TOP STORY >> Halter pushes virtues of lottery
Leader staff writer
Even though Sen. Sue Madison wants the Arkansas Legislature to repeal the lottery, Lt. Gov. Bill Halter is still looking at it “full steam ahead.”
He spoke at the Sherwood Chamber of Commerce’s monthly luncheon Thursday at Sherwood Forest.
Halter said the call to revisit and repeal the lottery is disrespectful to the state’s voters who approved the lottery. “Two out of three voters aren’t wrong,” he said.
Halter said the lottery went before the people in the general election and was approved by a large margin.
“It passed in every county,” he said. Then it was approved in the state House by a 100-0 vote and in the Senate by a 35-0 vote. The scholarships will start next year.
Original plans called for the lottery to start in January, but it looks like it could be in October.

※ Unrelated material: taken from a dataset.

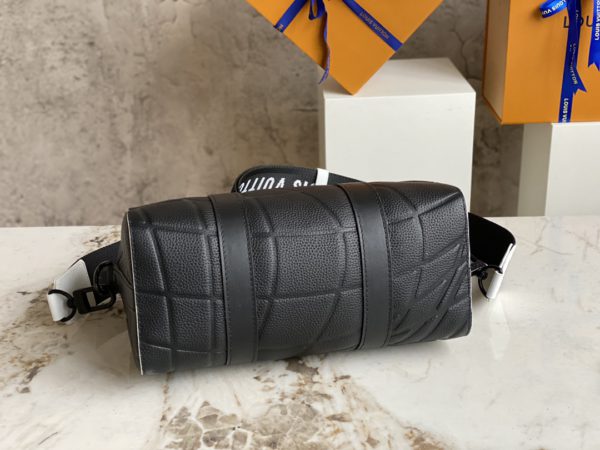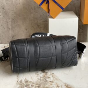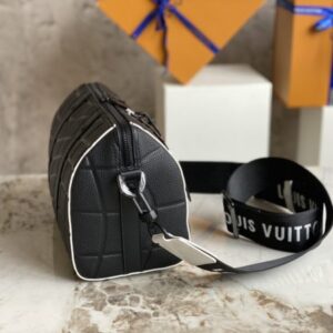 Black men’s bag pillow bag series CITY KEEPALL handbag m21543 gram color (letter) This City Keepall bag is made of Taurillon leather and is part of the 2022 FIFA World Cup capsule collection. The embossed pattern on the leather is reminiscent of the net used for goals. The bag is signed with the initials of LV in the same color, and it also has a leather nameplate shaped like a football team’s crest.

“That’s an extra $25 million for our scholarships,” Halter said.
“Now just months before we are ready to go, Madison (a Democrat senator from Fayetteville), who sponsored the bill and voted for it, now says, ‘Oops just kidding, let’s not have the lottery,’” Halter said. “That’s disrespecting the voters.”

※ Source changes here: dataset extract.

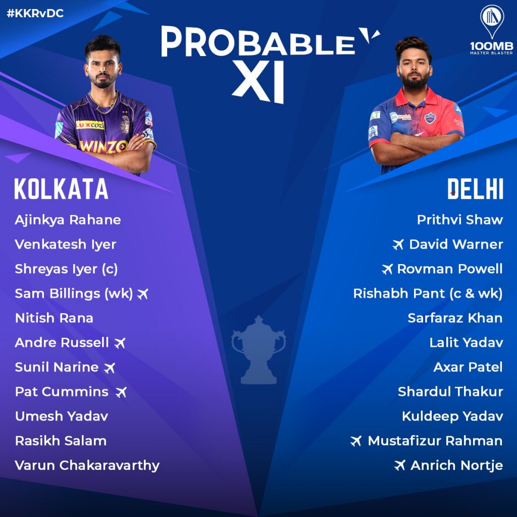 Here’s the Predicted Playing XI of Kolkata Knight Riders vs Delhi Capitals
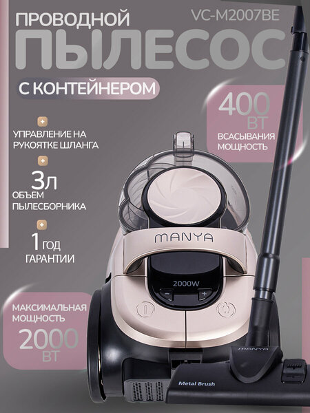 Пылесос для дома мощный 2000Вт с контейнером MANYA VC-M2007BE

Despite this bump, Halter strongly believes the lottery will do wonders for the state.
“I’ve been to hundreds of meeting across the state on this issue,” Halter said, “and the first thing everyone says is ‘Thank God for Mississippi.’”
“There is nothing in our water, there is nothing in our DNA that says we have to be 49th,” the lieutenant governor explained.

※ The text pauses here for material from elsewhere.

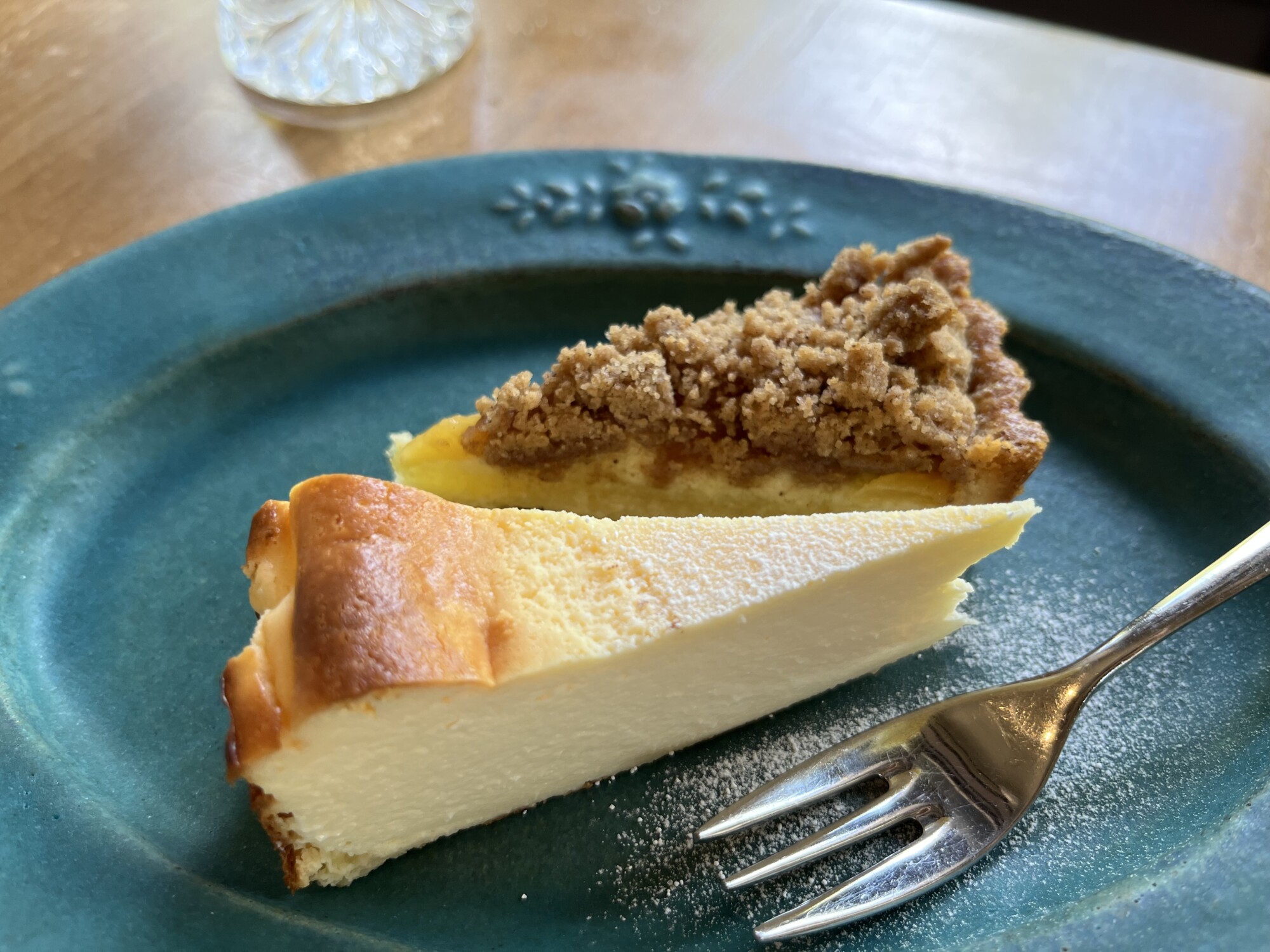 バスクチーズケーキと、桃のクランブルタルトの2種。

He said the state was been either 48th or 49th for his entire lifetime, and it is time to take a risk and do something new.
“Yes, the lottery is controversial. Just Google Arkansas lottery or Bill Halter, and you’ll see,” he said, but Halter believes it is worth the risk.
He said the state currently budgets about $48 to $49 million for college scholarships for state students.
“We will triple that amount with the lottery,” he said.
Halter expects the net proceeds from the lottery to be about $100 million and all that will go toward scholarships, plus the state will continue to budget its share in addition to the lottery.
“Let me say, first, middle and last. This is not about the lottery. It’s about the scholarships.”
Halter said the scholarship lottery is a $400 million enterprise. He said he couldn’t think of a business that large that doesn’t hit speed bumps.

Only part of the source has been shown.